The specialized function of an onco-ribosome leading to the overexpression of BCL-2

Additional studies support that different types of specialized ribosomes display differential IRES-mediated translation. For example, modifications of the rRNA methylation pattern as a consequence of TP53 inactivation increases the translation of IRES-containing cellular mRNAs in cancer cells [5]. Conversely, DKC1 mutations affecting another type of rRNA modification — pseudouridylation — prevents the translation of IRES-containing mRNAs, including the tumor suppressor genes TP53 and CDKN1B and the anti-apoptotic factors BCL2L1 and XIAP [6-8]. The DKC1 gene is also mutated in the ribosomopathy Dyskeratosis Congenita, a cancer predisposition syndrome. These studies indicate that the combination of specialized onco-ribosomes and IRES elements can modulate translation of a proteome subset in cancer cells. IRES elements are structurally diverse, explaining why different onco-ribosomes have a preference for particular IRES elements. In agreement with this, translation of other IRES containing messages besides BCL-2 was not significantly altered in our RPL10 R98S cell models.

In addition to IRES elements, a number of other cis-acting mRNA elements have been described, including: RNA G-quadruplex structures, 5′ terminal oligopyrimidine tract motifs, translation inhibitor element, pyrimidine-rich translational element, cytosine-enriched regulator of translation, and programmed ribosomal frameshifting (PRF) signals. Many of these are enriched on mRNAs encoding cancer associated genes. For example, PRF signals are enriched in genes of the JAK-STAT signaling cascade, which is associated with overexpression of JAK-STAT proteins and a sensitivity to JAK-STAT inhibitors in RPL10-R98S cells [9]. It is tempting to hypothesize that the regulatory potential of many of these mRNA elements is influenced by the interactions with different types of ribosomes — an intriguing avenue for future studies.

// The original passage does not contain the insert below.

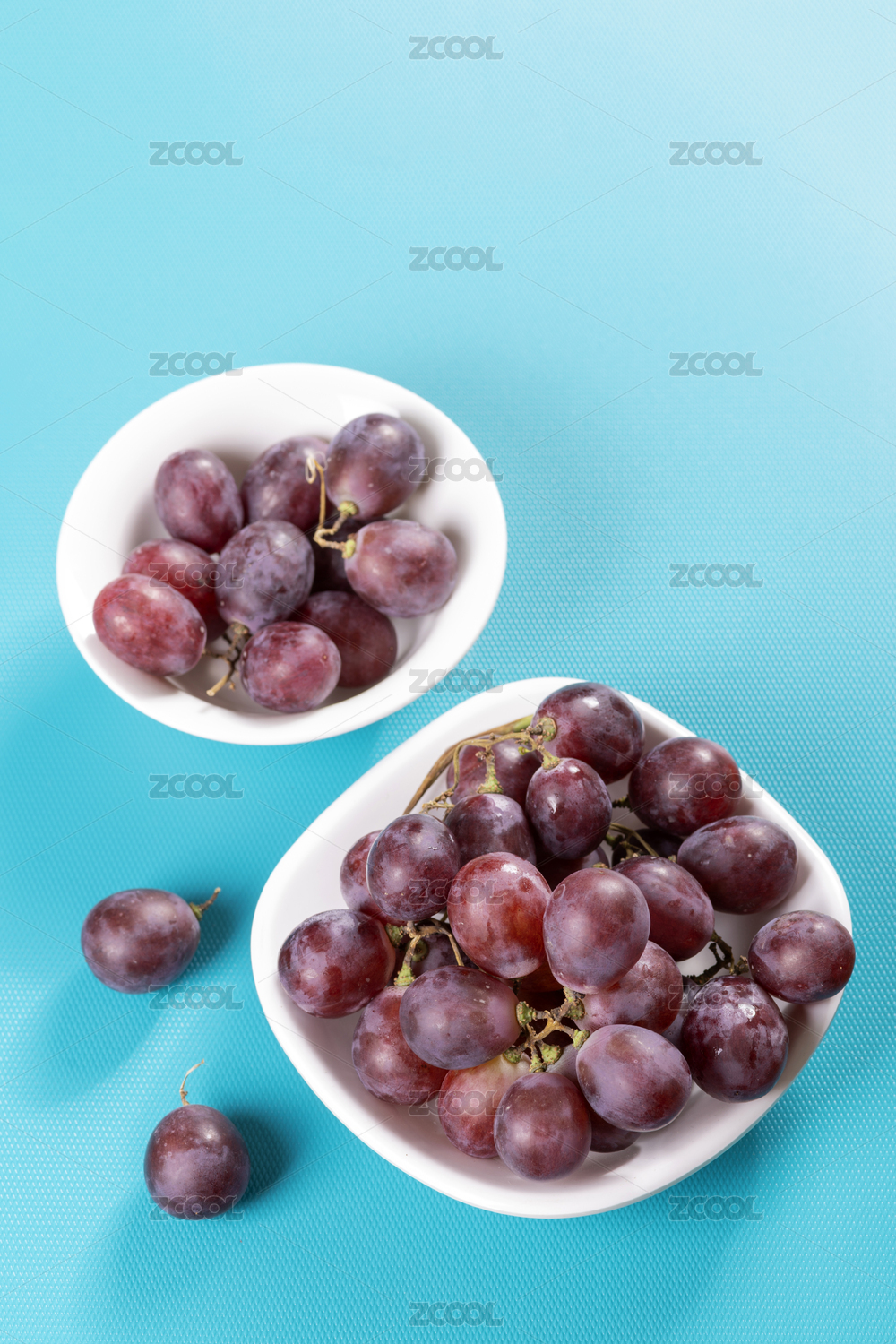白色背景里黑色瓷碗中的葡萄青提

While the RPL10-R98S mutation is highly specific to pediatric T-ALL, mutations in other ribosomal proteins (i.e. RPL5) are more broadly found in a variety of different cancers [10]. It will be interesting to see whether RPL5-mutated onco-ribosomes also display a specialized function across different cancers, or whether their function is disease-specific. As it is becoming apparent that a diversity of ribosomes exists, it is likely that additional specialized onco-ribosomes will be discovered in the near future. Identifying these can be a daunting task however, as the current methodologies to study protein translation are limited. Understanding the structure and function of oncogenic ribosomes, along with discovering their inhibitors, represent the next ambitious and important challenges in the ribosome and cancer fields.